- [Supplied material]
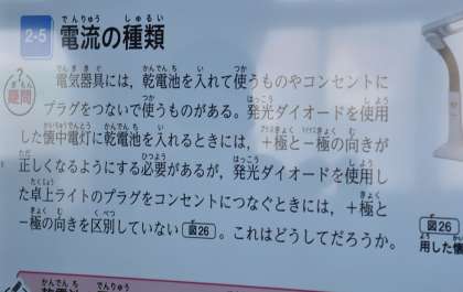 T先生が、豆電球をつなげたプラグをコンセントに挿そうとしています。
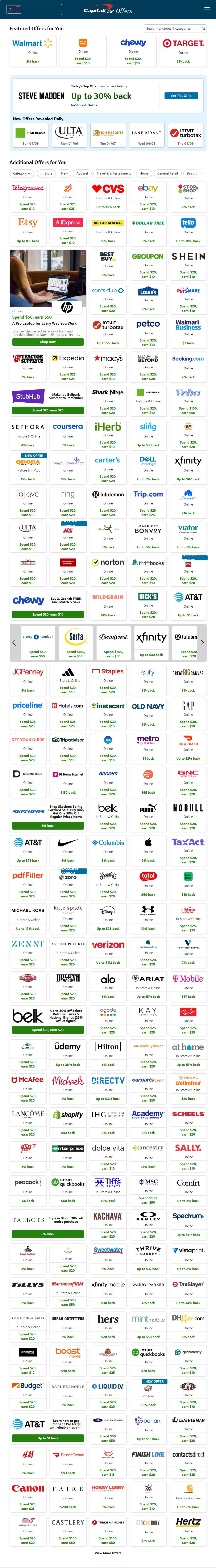 If you have a CapitalOne credit card, their offers section (shown only after you log in) has some VERY generous cash back offers (paid as a statement credit) when you use their links for particular purchases ONLINE. Every account has different offers, but here are some from MrConsumer's account. Home Depot - spend $25, earn $25; Walgreens - spend $20, earn $10; Sam's Club - spend $20, earn $20; Expedia - spend $25, earn $25; Lululemon - spend $20, earn $20; Ace Hardware - spend $20, earn $20; Office Depot/Staples - spend $20, earn $20; GNC - spend $20, earn $20; Zenni - spend $20, earn $20; MattressFirm - spend $50, earn $50, and many more. It is not clear if you use one offer that all the other offers will remain as generous. Follow all rules to assure your rebate. This is NOT the same as CapitalOneShopping.com.
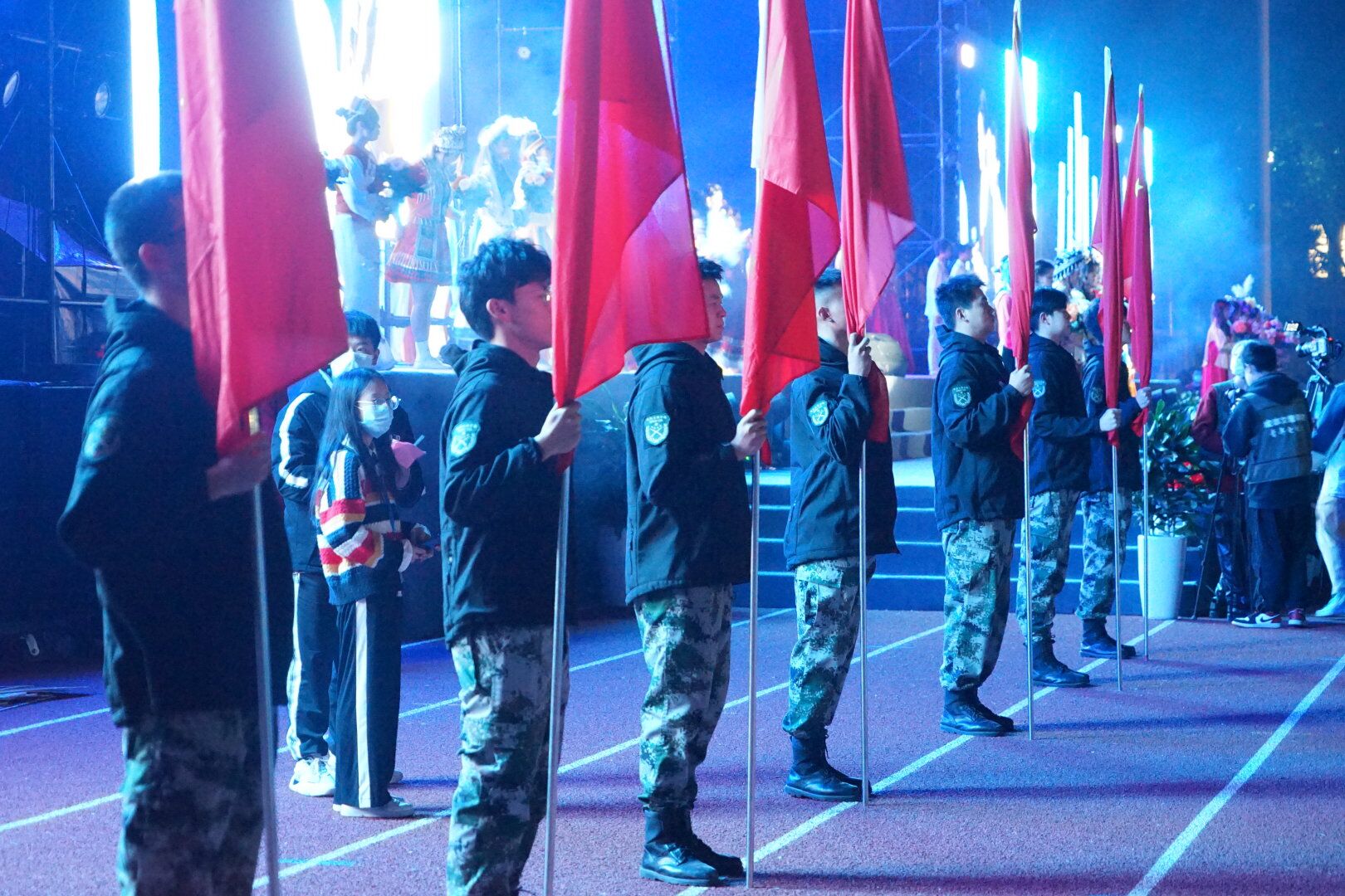 11月23日19时,以“学习二十大,奋进新征程”为主题的第19届科技文化博览节开幕式暨2022年迎新晚会在第一运动场隆重举行。国旗护卫队此次参演《领航》和歌曲《歌唱祖国》两个节目,共20人参与,国旗1人,党旗1人,红旗18人。
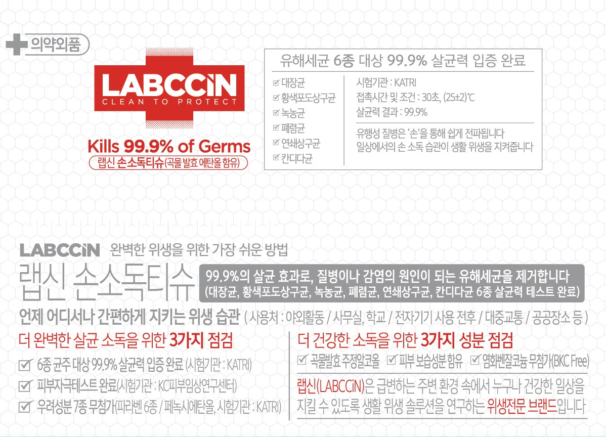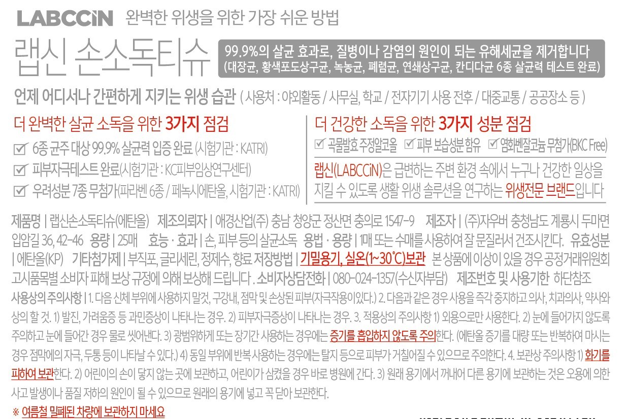 | 품명 및 모델명 | 랩신손소독티슈(에탄올) | 인증/허가 사항 | 의약외품 |
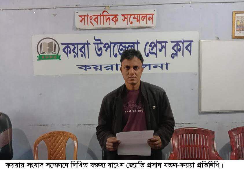 কয়রায় সংখ্যালঘু সম্প্রদায়ের মৎস্য ঘেরে ক্ষতি করা ও জবর দখল করার চেষ্টার প্রতিবাদ জানিয়ে সংবাদ সম্মেলন করেছেন উপজেলার দক্ষিণ বেদকাশী ইউনিয়নের বিনাপানি গ্রামের মৃত শিবনাথ মণ্ডলের পুত্র ও কয়রা উপজেলা যুব ঐক্য পরিষদের সহ-সভাপতি জ্যোতি প্রসাদ মণ্ডল।
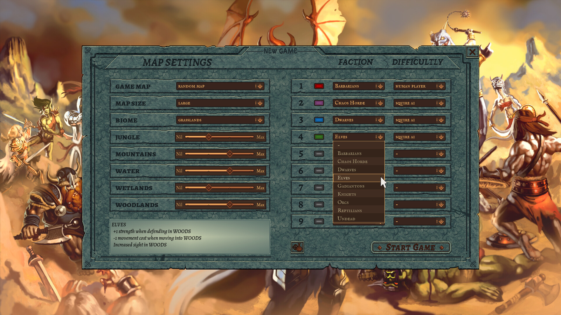 Every game is a new challenge with randomly generated maps rich in varied terrains. Learn to adapt your strategies to the lay of the land, whether it's the soaring mountains favored by Dwarves or the creeping marshlands that empower the Undead.

- [Prompt] Transcribe the records word for word and include no pictures.

- [Answer section]
 T先生が、豆電球をつなげたプラグをコンセントに挿そうとしています。
 If you have a CapitalOne credit card, their offers section (shown only after you log in) has some VERY generous cash back offers (paid as a statement credit) when you use their links for particular purchases ONLINE. Every account has different offers, but here are some from MrConsumer's account. Home Depot - spend $25, earn $25; Walgreens - spend $20, earn $10; Sam's Club - spend $20, earn $20; Expedia - spend $25, earn $25; Lululemon - spend $20, earn $20; Ace Hardware - spend $20, earn $20; Office Depot/Staples - spend $20, earn $20; GNC - spend $20, earn $20; Zenni - spend $20, earn $20; MattressFirm - spend $50, earn $50, and many more. It is not clear if you use one offer that all the other offers will remain as generous. Follow all rules to assure your rebate. This is NOT the same as CapitalOneShopping.com.
 11月23日19时,以“学习二十大,奋进新征程”为主题的第19届科技文化博览节开幕式暨2022年迎新晚会在第一运动场隆重举行。国旗护卫队此次参演《领航》和歌曲《歌唱祖国》两个节目,共20人参与,国旗1人,党旗1人,红旗18人。
 | 품명 및 모델명 | 랩신손소독티슈(에탄올) | 인증/허가 사항 | 의약외품 |
 কয়রায় সংখ্যালঘু সম্প্রদায়ের মৎস্য ঘেরে ক্ষতি করা ও জবর দখল করার চেষ্টার প্রতিবাদ জানিয়ে সংবাদ সম্মেলন করেছেন উপজেলার দক্ষিণ বেদকাশী ইউনিয়নের বিনাপানি গ্রামের মৃত শিবনাথ মণ্ডলের পুত্র ও কয়রা উপজেলা যুব ঐক্য পরিষদের সহ-সভাপতি জ্যোতি প্রসাদ মণ্ডল।
 Every game is a new challenge with randomly generated maps rich in varied terrains. Learn to adapt your strategies to the lay of the land, whether it's the soaring mountains favored by Dwarves or the creeping marshlands that empower the Undead.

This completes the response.